475px-The_Sick_Doctor.jpgWhich channels for legal authority are most efficient? This enforcement-efficacy question is a tough one, understudied by traditional L&E and even BL&E. Most instrumentalist theories of law spend relatively little time thinking about the costs of distributing legal rules, and the likelihood that their recipients (citizens) will internalize them. Indeed, the basic L&E approach to criminal law (Becker's) is frankly dismissive of law's signaling function, and equates criminal and civil wrongs as taxable infractions.

The problem is not confined to criminal law, of course. Imagine that we want to promote good behavior by a corporate officer. Traditional corporate law doctrine says that we should do so by tinkering with legal rules ("the duty to auction should attach at a Revlon moment"; "Revlon doesn't happen unless control transfers apart from a distributed market transaction"; "officers must seek Board approval for corporate opportunity taking"; etc.) These doctrinal choices are framed against an incentive problem (principal agent).
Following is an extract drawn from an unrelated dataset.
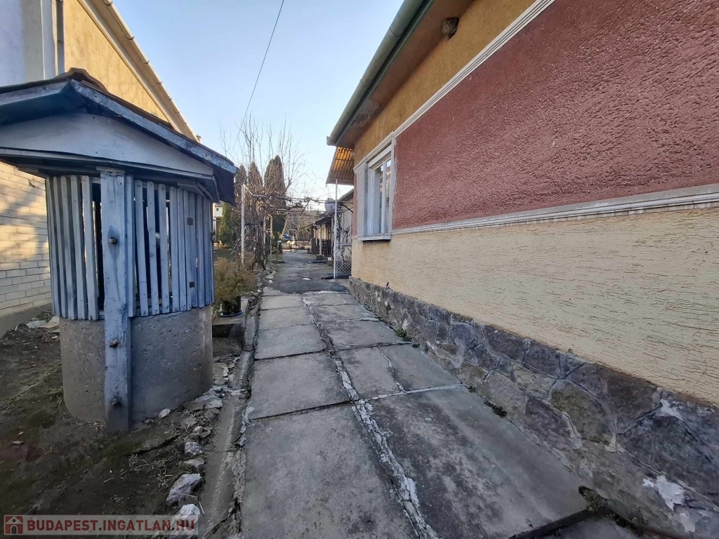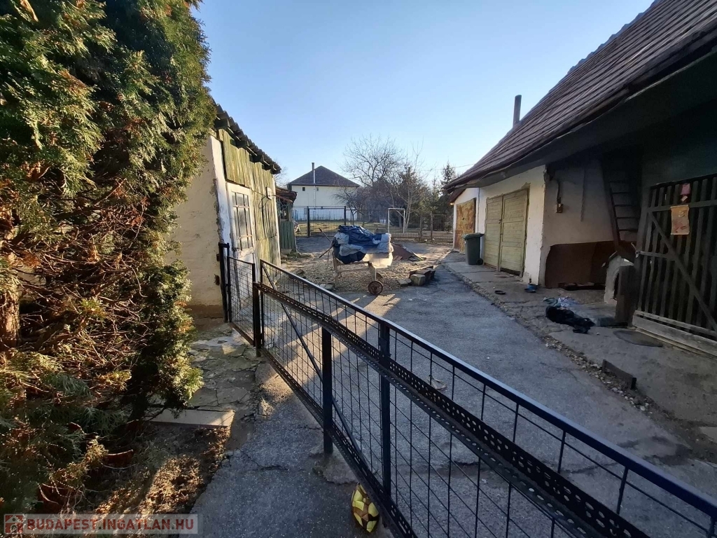 A telek kerítéssel körbe kerített (1222 m2-es). Kertjében fúrt kutat is találunk és a főépület folytatásában 3 db tárolót - az egyik alatt pincét, valamint 2 db garázst, melyből az egyik alatt szerelőakna is található!

Richer motivational accounts complicate the story: maybe officers won't be incented to avoid negligence by imposing a care rule; maybe monitoring rules will increase distrust). But even behavioral law and economics assumes that the way that law is pushed out to its targets is basically immaterial to whether it is effective.

This is the standard, hierarchical, model of distributing law. Different approaches, born out of network theory, are of course possible. Malcolm Gladwell's The Tipping Point illustrates the point. Gladwell popularized the idea of the "law of the few": "The success of any kind of social epidemic is heavily dependent on the involvement of people with a particular and rare set of social skills." He further identified connectors (people who "link us up with the world ... people with a special gift for bringing the world together"; mavens ("people we rely upon to connect us with new information."); and salesmen ("persuaders"). Finally, he suggested that some messages are more sticky than others. (Source for the quotes: Wikipedia) .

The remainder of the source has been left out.